You control the full rotation process:

```rust
// Direct access to verifier
let verifier = MultiKeyVerifier::new(...);
verifier.add_key(new_key).await;
```

### Arete Cloud

Key rotation is managed automatically:

- Platform rotates keys every 90 days
- Grace period: 24 hours
- JWKS endpoint always includes active keys

No action required - keys are transparently rotated.
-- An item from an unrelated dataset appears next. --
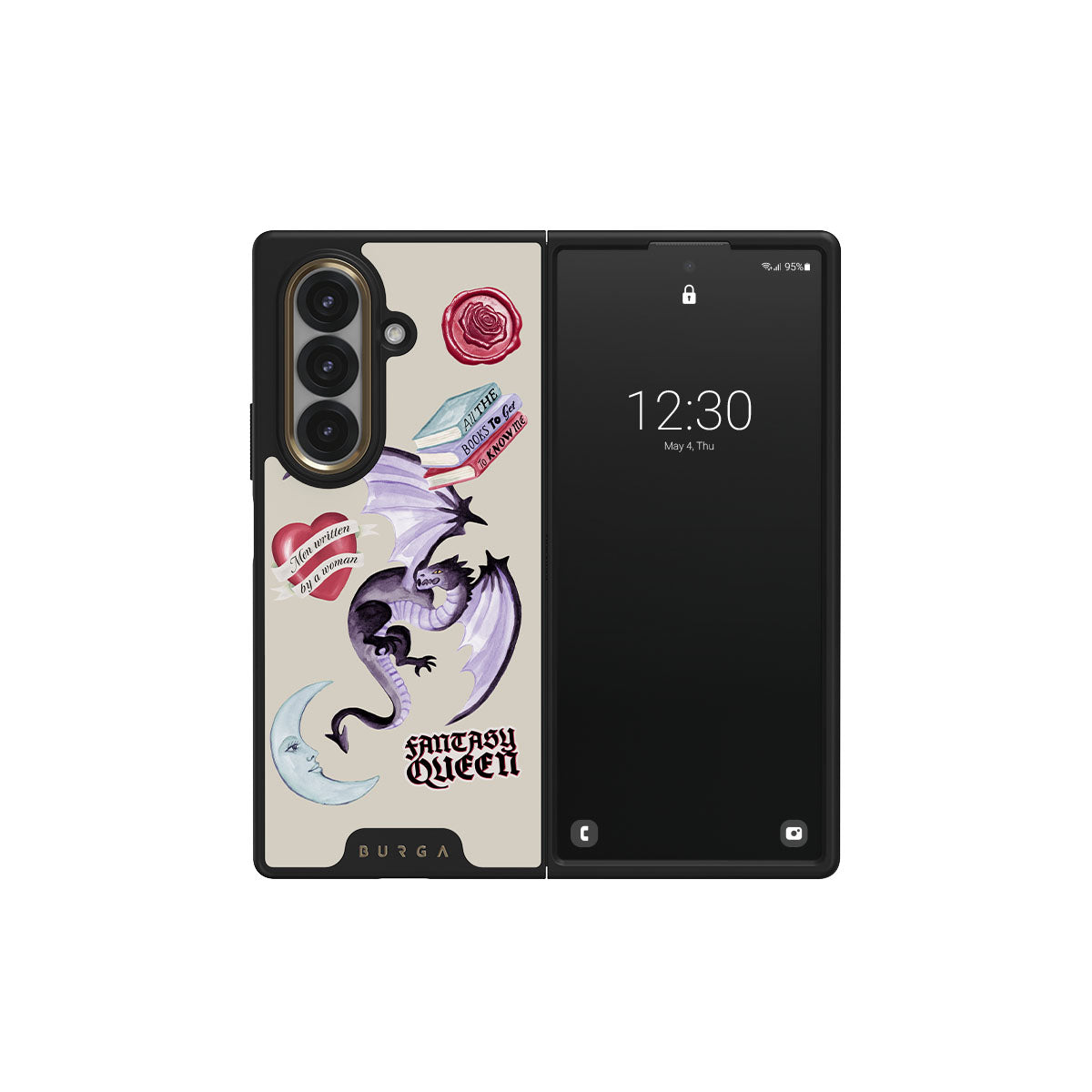 Typické pro tento motiv: fialového draka, samolepku „Fantasy Queen“, půlměsíc, fialovou pečeť, srdce se zprávou, knihy.

## Migration from Single-Key

If you're currently using a single key:

```rust
// Before: Single key
let verifier = TokenVerifier::new(key, issuer, audience);
let plugin = SignedSessionAuthPlugin::new(verifier);

// After: Multi-key (enables future rotation)
let verifier = MultiKeyVerifier::from_single_key(key, kid, issuer, audience);
let plugin = SignedSessionAuthPlugin::new_with_multi_key_verifier(verifier);
```

The migration is backward-compatible - existing tokens continue to work.

## Summary

Key rotation with Arete is:

- **Zero-downtime**: Grace period allows gradual migration
-**Automatic cleanup**: Expired keys are removed automatically
-**Observable**: Full audit trail of rotation events
-**Flexible**: Supports scheduled and emergency rotations

Follow this guide to maintain secure, compliant authentication for your Arete deployment.